I launch the gupdatedb command like this:我像这样启动gupdatedb命令：

sudo gupdatedb --prunepaths='/private/tmp /private/var/folders /private/var/tmp */Backups.backupdb /System /Volumes' --localpaths='/' --output=$HOME/locatedb_gupdatedb_PARALLEL

Update 4更新 4

My bounty expires tomorrow.我的赏金明天到期。 Using default gupdatedb , all the indexing takes about 30 minutes.使用默认gupdatedb ，所有索引大约需要 30 分钟。 If I could manage to use correctly parallel with the core of gupdatedb script, ie when this latter indexes with gfind command, which gain factor can I expect?如果我能设法正确地与gupdatedb脚本的核心parallel使用，即当后者使用gfind命令索引时，我可以期待哪个增益因子？

and last request: how to fix the error:最后一个请求：如何修复错误：

/bin/sh: -c: line 0: syntax error near unexpected token `('
/bin/sh: -c: line 0: `/usr/local/Cellar/findutils/4.7.0/bin/gfind / / ( -fstype 9P -o -fstype NFS -o -fstype afs -o -fstype autofs -o -fstype cifs -o -fstype coda -o -fstype devfs -o -fstype devpts -o -fstype ftpfs -o -fstype iso9660 -o -fstype mfs -o -fstype ncpfs -o -fstype nfs -o -fstype nfs4 -o -fstype proc -o -fstype shfs -o -fstype smbfs -o -fstype sysfs -o -type d -regex \(^/private/tmp$\)\|\(^/private/var/folders$\)\|\(^/private/var/tmp$\)\|\(^*/Backups.backupdb$\)\|\(^/System$\)\|\(^/Volumes$\) ) -prune -o -print0'

with the command:使用命令：

parallel -j32 $find {} $FINDOPTIONS \
    \( $prunefs_exp \
    -type d -regex "$PRUNEREGEX" \) -prune -o $print_option ::: /

? ?

Answer 1

You don't need ::: if there's nothing after it, and {} is pointless too if you don't have any sources.如果后面没有任何内容，则不需要::: ，如果您没有任何来源， {}也毫无意义。 Without more information about what exactly you would want to parallelize, we can't really tell you what you should use instead.如果没有更多关于您想要并行化的确切信息，我们无法真正告诉您应该使用什么。

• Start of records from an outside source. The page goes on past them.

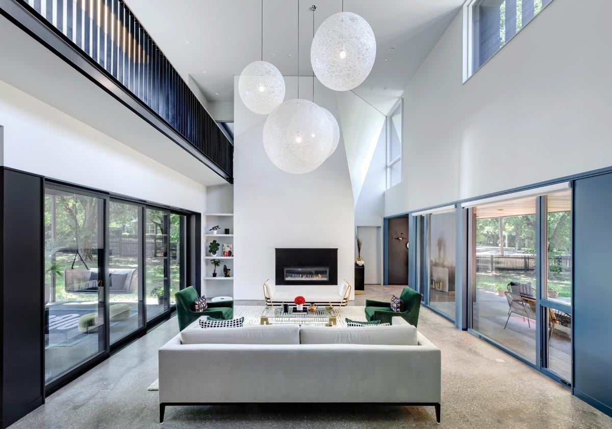 “We definitely wanted light and connections to the outdoors, too,” says Azeem. Modern elements — polished concrete floors, a custom steel floating staircase, lots of built-ins — create a sophisticated but welcoming home for a family with young children.
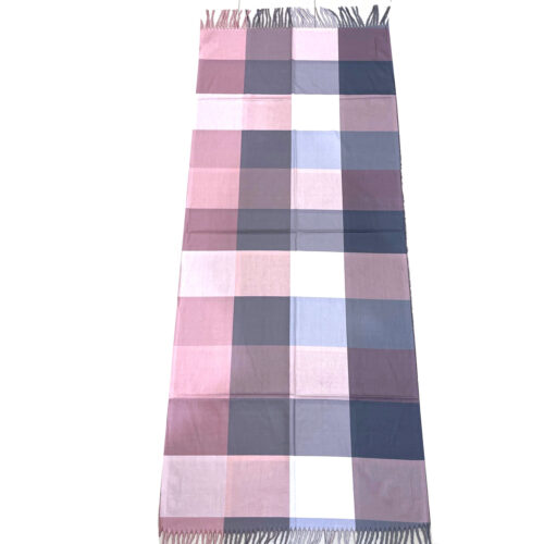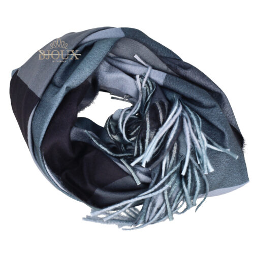 Sciarpa da donna con frange a fantasia quadri. Misure 180×75. Composizione 50% viscosa 30% cashmere 20% lana
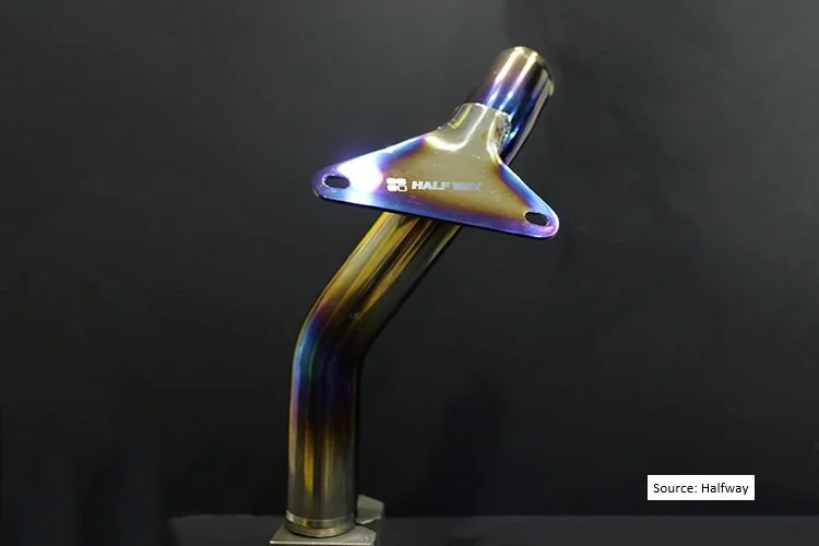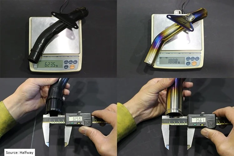 Titanium is used to replace the stock pipe. By using a 1mm thick titanium pipe, the inlet and outlet diameters are increased by approximately 3mm compared to the stock pipe, and the weight has been reduced from 623.5g to 188.8g, approximately one-third of the stock pipe's weight.

But for example, if you want to run one find in each of /etc , /usr , /bin , and /opt , that would look like但是例如，如果您想在/etc 、 /usr 、 /bin和/opt中的每一个中运行一个find ，那看起来像

parallel find {} -options ::: /etc /usr /bin /opt

This could equivalently be expressed without ::: :这可以等效地表示为没有::: ：

printf '%s\n' /etc /usr /bin /opt |
parallel find {} -options

So the purpose of ::: is basically to say "I want to specify the things to parallelize over on the command line instead of receiving them on standard input";所以:::的目的基本上是说“我想在命令行上指定要并行化的东西，而不是在标准输入上接收它们”； but if you don't provide this information, either way, parallel doesn't know what to replace {} with.但如果您不提供此信息，无论哪种方式， parallel都不知道用什么替换{} 。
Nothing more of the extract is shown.